Bad performance with async service tasks

Hello!

In our project we try to achieve the maximum performance with the Flowable engine and have some problems with asynchronous serviceTask mode.

We have created a very simple BPMN definition with one step:

    <?xml version="1.0" encoding="UTF-8"?>
<definitions xmlns="http://www.omg.org/spec/BPMN/20100524/MODEL"
             xmlns:flowable="http://flowable.org/bpmn"
             typeLanguage="http://www.w3.org/2001/XMLSchema"
             expressionLanguage="http://www.w3.org/1999/XPath"
             targetNamespace="http://www.flowable.org/processdef">

  <process id="sequence1Async" name="Sequence workflow 1 async" isExecutable="true">

    <startEvent id="startEvent" />
    <serviceTask id="externalSystemCall" name="Test" flowable:delegateExpression="${simpleStop}" **flowable:async="true"** />
    <endEvent id="approveEnd" />

    <sequenceFlow sourceRef="startEvent" targetRef="externalSystemCall" />
    <sequenceFlow sourceRef="externalSystemCall" targetRef="approveEnd" />

  </process>

</definitions>

(simpleStop delegate only writes executionId and processInstanceId to the log and does nothing else)

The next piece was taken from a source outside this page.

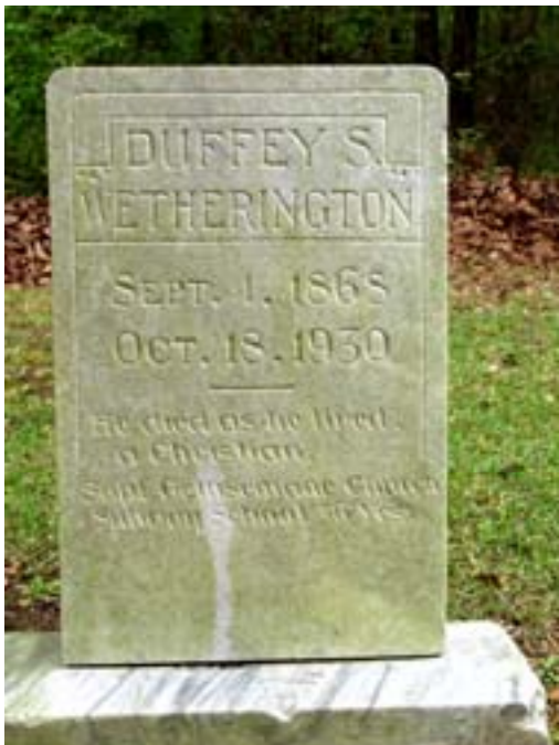
67. Duffey S. Wetherington September 1, 1868 – October 18, 1930

And then we run a batch of requests (50 threads with 1000-10000 loop counts) with Apache JMeter. Flowable and PostgreSQL run on the same machine inside Docker with 8 CPU, 17 Gb of RAM and 128 Gb of disk space. Flowable history is disabled. We run process instances with 3 variables of type: a string, a hashmap with one key-value pair and an empty array.

We calculate the average number of completed processes per second during the test.

We have found that when flowable:async=“true” is omitted, we achieve the result of 1089 processes per second but with async mode we can only get 72. The questions is: is this a normal behavior? Could we tune Flowable to achieve better performance in async mode (We have tried to increase spring.task.execution.pool.coreSize - Async Task Executor pool size - but that does not help)? We understand that the async mode adds extra operations to the process execution (an extra write of the process state to the database and an extra read from it) but that does not seem to be so resource-expensive.

Thank you!

1 Like

Hi @VladimirKhil,
how long is the test execution in total? When you don’t test it long enough, I could imagine that you have a lot of (time) overhead by the wait time until the async executor is picking up the jobs.

Valentin

Hey @VladimirKhil,

Thanks for writing to us here. Is it possible for you to share the project and setup you are using for testing this?

How are you counting the completed processes per second during the test?

How long is the external system call usually taking?

The async flag shouldn’t slow down the engine that much.

@valentin regarding:

By default when there is place in the queue the async job would scheduled for execution in a post commit. This means that the async executor wait time shouldn’t matter.

However, if the queue capacity is full, then the jobs would be rejected and picked up on the next async acquisition. The default queue capacity in Spring Boot is unlimited I think.

Cheers,
Filip

Hi!

We run the test for 50 000 processes (it takes some minutes). Async executor prewarm time last for several seconds. After that it starts picking jobs. It uses only 8 thread by default (maybe because there only 8 CPUs).

Hello!
I will try to make a simple example. Is there any built-in JavaDelegate implementations inside Flowable (it would be much easier to make an example without injecting extra jars)? I have tried org.flowable.engine.impl.test.NoOpServiceTask but it fails.

We count the number of completed process instances in log file. I have omitted the executionListener that writes to log and forgot that that is important.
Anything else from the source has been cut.